Серые тучи облекли все небо, и серый, холодный, скупой сеялся сквозь них свет осеннего, скудного дня. Тоска разлита была в тяжелых, мокрых тучах и в воздухе холодном и сыром, и от земли, от этих немощеных улиц, поднималась неизбывная тоска.
Весь день шел дождь, мелкий, упрямый, маленький и злой дождичек, гнусный спутник маленькой, тусклой жизни серого захолустья. Стекла маленьких окон были от этого дождика слезливо мокры, и жидкая, липкая, черная грязь лежала на улицах, а на мостках, гнилых и грязных, пухли и зябли рябые лужицы, и мокры были давно уже голые ветки берез и осин в садах и огородах за серыми заборами.

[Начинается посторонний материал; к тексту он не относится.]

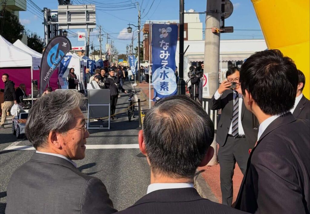 道中、浪江町で、15年ぶり、つまり東日本大震災以来、震災前と同じ場所で開かれた「十日市まつり」も訪問。大変な賑わいで、関係者のご努力により復興に向けて明るい光となりました。更に多くの方がふるさとに戻って来れる環境や新たな産業の創出、なりわいの再生を行うことで、更なる賑わいを創り出していかねばなりません。

Ветер проносился порывами, воя злобно и жалобно, сырой и холодный, и с мелкою яростью трепал эти голые ветки мокрых, растрепанных деревьев. И в тонких визгах ветра все та же слышалась безумная тоска.
По улице медленно тащилась телега с какими-то серыми кулями, колесами увязая в грязи. Пегая лошаденка тяжело ступала, звучно хлюпая в грязи ногами и тяжело дыша, вся мокрая, понурая, жалкая. И была она такая же тихая, с плачущими глазами, с растрепанными ветром мокрыми космами седой гривы и жалкая такая же, как бредущий по грязи рядом с телегою мокрый мужик в каком-то сером, заскорузлом кожане.
Через улицу медленно и лениво зачем-то перебирался босоногий мальчишка, высоко засучив ветхие штанишки и утопая в жидкой грязи до покрасневших голых коленок. На нем был надет рваный кафтанишко; его трепаные светлые волосенки прикрывала помятая шапка с расколотым козырьком; шею обматывал пухлый, грязно-красного цвета платок; голые худые ножонки были сини от холода и грязи. Остановившись посредине улицы, мальчишка засунул грязные пальцы в рот и пронзительно засвистал, посматривая направо и налево по улице, словно поджидая кого-то. Но никого не было, и мальчишка побрел себе дальше, по-видимому, наслаждаясь этим купаньем в грязи под дождиком.
Ворона одним глазом смотрела на него, усевшись на высоком заборе, и пронзительно каркала.
Николай Алексеевич вышел по шатким ступенькам крыльца на двор, чтобы помочь Иринушке донести ведра с водою. Брызги холодного дождя настойчиво бились в его лицо, и сырой ветер тяжело колыхал на его лбу прядку отбившихся волос.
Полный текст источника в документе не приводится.